Author

Rory Jara

Date of Award

12-2010

Level of Access

Open-Access Dissertation

Degree Name

Doctor of Philosophy (PhD)

Department

Chemical Engineering

Advisor

Adriaan R.P. van Heiningen

Second Committee Member

Barbara J.W. Cole

Third Committee Member

David J. Neivandt

Abstract

Hot-water extraction of hemicelluloses from wood is a promising technology in the integrated biorefmery concept. A particular case is where the pulp industry makes co-products such as ethanol and acetic acid besides pulp thereby maximizing the value of biomass. Similarly, the oriented strand board (OSB) industry appears to be suitable for this technical approach as it is composed of large centralized facilities. Many studies have been carried out on the kinetics and mechanism of hot-water extraction of lignocellulosics. However, most of these studies were performed in batch reactors which are not best suited to determine intrinsic kinetics of hemicellulose dissolution because of further reaction of the hemicelluloses in solution. As a first approach to study the extraction yield for hydrothermal treatments on red maple (Acer rubrum) strands, a batch reactor (ASE-100, Dionex) was used. A complete mass balance on extracted wood and wood extracts has been obtained by determining cellulose, hemicellulose, and lignin content on both solid and liquid phases at different extraction temperatures and times, described by a combined parameter called the P-factor. In addition, a study was completed of the molecular weight distribution of dissolved polysaccharides in the liquid phase and of cellulose in the solid phase.
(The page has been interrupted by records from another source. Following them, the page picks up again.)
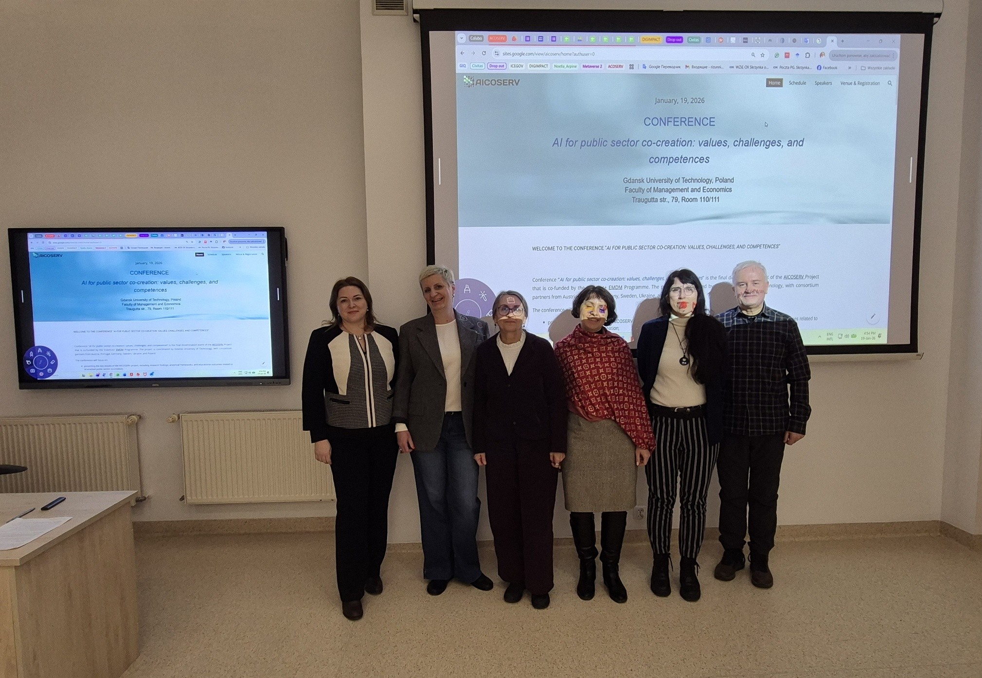 On 19 January 2026, the Faculty of Management and Economics at Gdańsk University of Technology hosted the final conference of the AICOSERV project, entitled “AI for Public Sector Co-Creation: Values, Challenges and Competences.” The event marked the formal conclusion of a collaborative international project co-funded under the Erasmus+ Programme, implemented by a consortium of partners from Poland, Austria, Portugal, Germany, Sweden, and Ukraine.
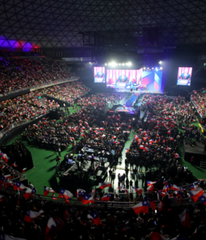 El candidato presidencial del Partido Republicano y el Partido Social Cristiano, José Antonio Kast, realizó este martes por la noche el cierre de su campaña para la Región Metropolitana en el Movistar Arena, logrando una convocatoria de aforo completo. El evento, uno de los últimos hitos de propaganda antes de la elección de este domingo, generó una alta expectativa en el sector.
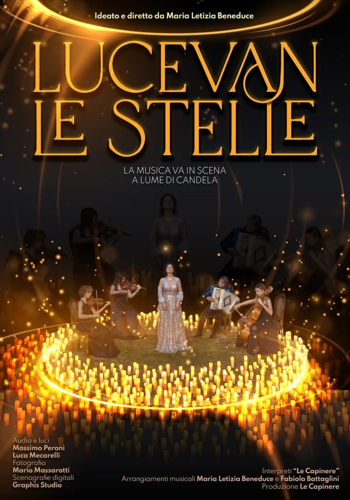 Ad aprire la kermesse, mercoledì 23 luglio alle ore 21:00, un appuntamento emozionante e suggestivo: “Lucevan le stelle – La musica va in scena a lume di candela”, una serata dalle mille emozioni con il trio “Le Capinere”, ideato e diretto da Maria Letizia Beneduce, più volte violinista nell’Orchestra del Festival di Sanremo, che accompagnerà il pubblico tra arrangiamenti originali ed innovativi in un viaggio tra le musiche di Verdi, Rossini, Bizet, Nino Rota, Piovani ed Ennio Morricone.
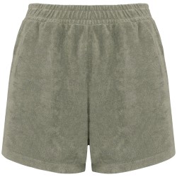 80% coton biologique / 20% polyester recyclé post-consumer. Fabriqué au Portugal. Coton peigné. Matière éponge. Lavé aux enzymes. Taille élastiquée. Deux poches latérales.
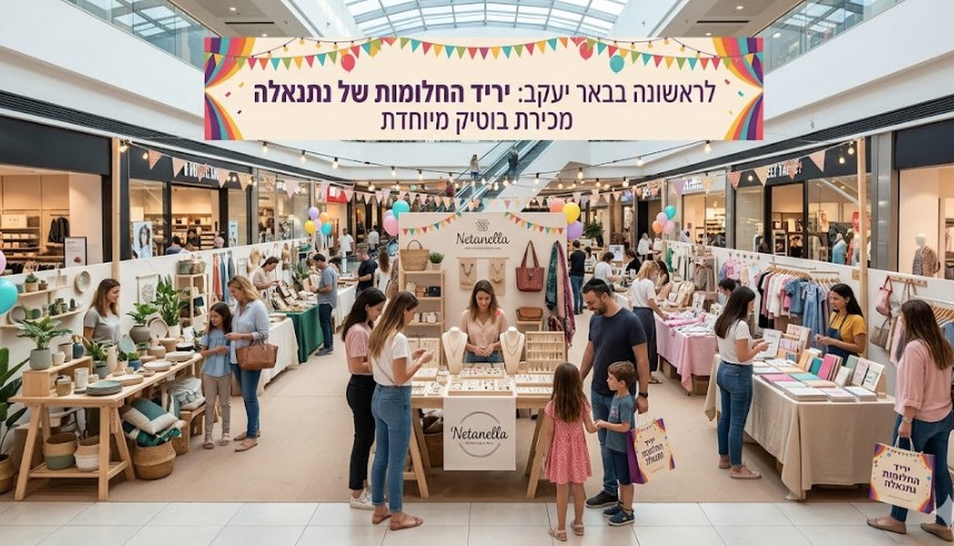 הבשורה שחיכו לה תושבי באר יעקב והסביבה הגיעה: "יריד החלומות של נתנאלה", הידוע בבחירה הקפדנית של יוצרים ועסקים מקומיים ייחודיים, מקיים לראשונה מכירת בוטיק יומית בקניון באר יעקב.
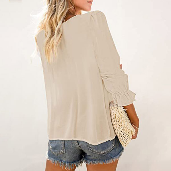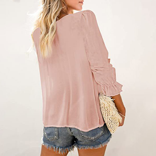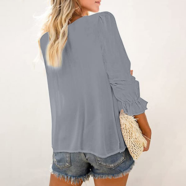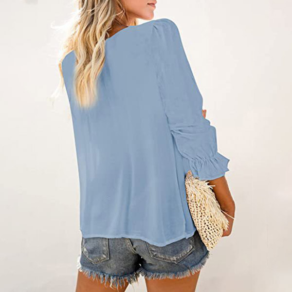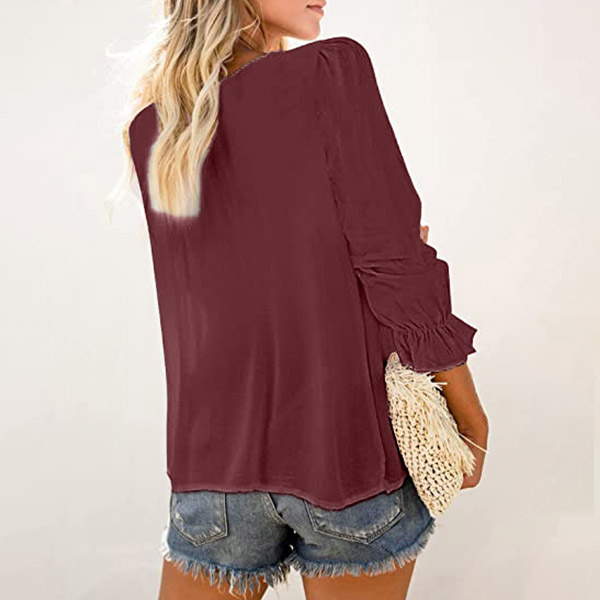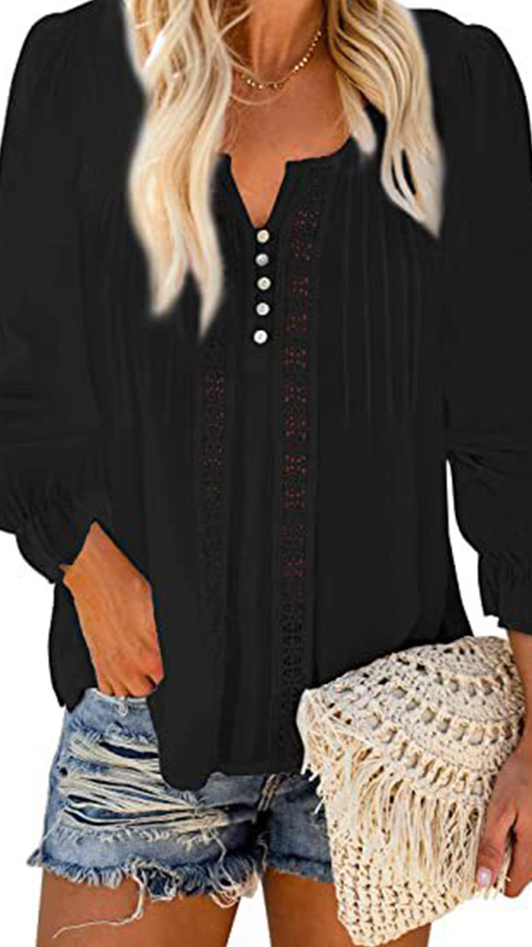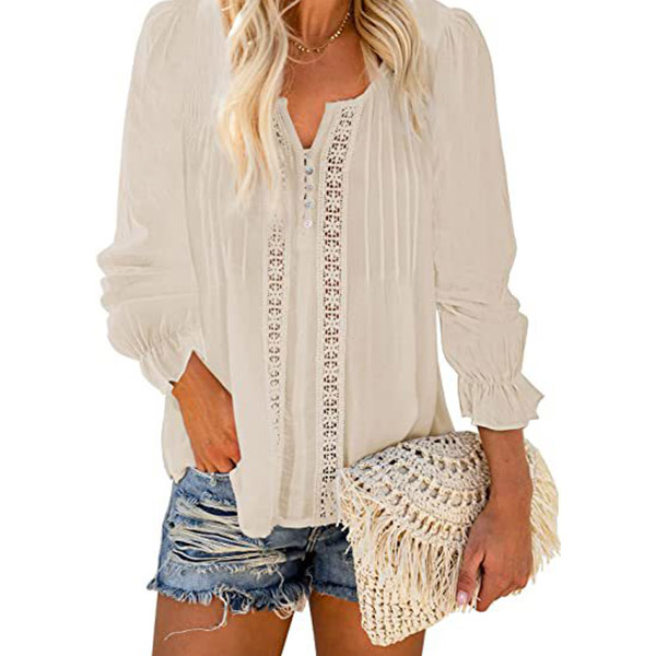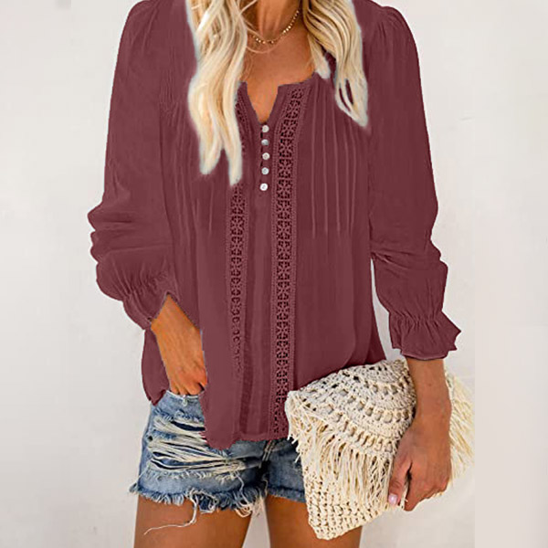 Solid color style,crafted from soft and breathable fabric,accompanied with long sleeve,v-neck and lace spliced details,this bohemian style top not only can give you a cool and comfortable day,but also can lend you a stylish and feminine style.An essential for you in these summer beach days.
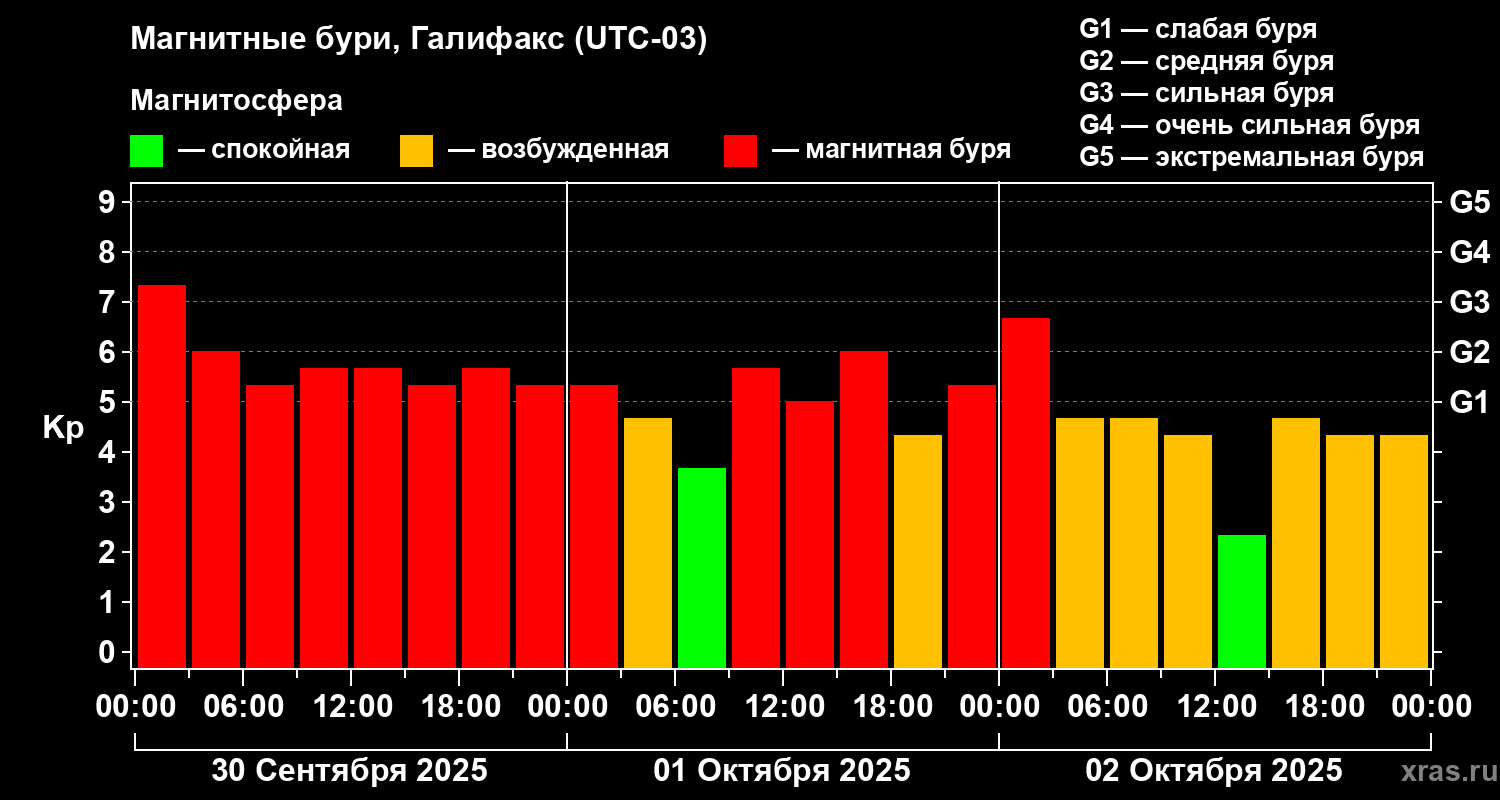 Магнитные бури в Галифаксе 2 октября 2025 года

In the second part of this work a continuous mixed batch reactor was used to obtain the intrinsic kinetics of dissolution of hemicelluloses from hardwood (Acer rubrum) at three different temperatures (150°C, 160°C, and 170°C) and four constant pH values: 2, 3, 4 and 5. Wood-meal and a high flow rate (100 mL/min) were used to avoid mass transfer limitations during dissolution of the hemicelluloses. An improved mechanism for xylan dissolution is proposed which is in agreement with recent knowledge of the topochemistry of hardwood fibre cell walls. Finally, it is shown that a modified PH-factor can describe the effect of pH and time and temperature on xylan dissolution during pH-controlled hot water extraction of red maple wood.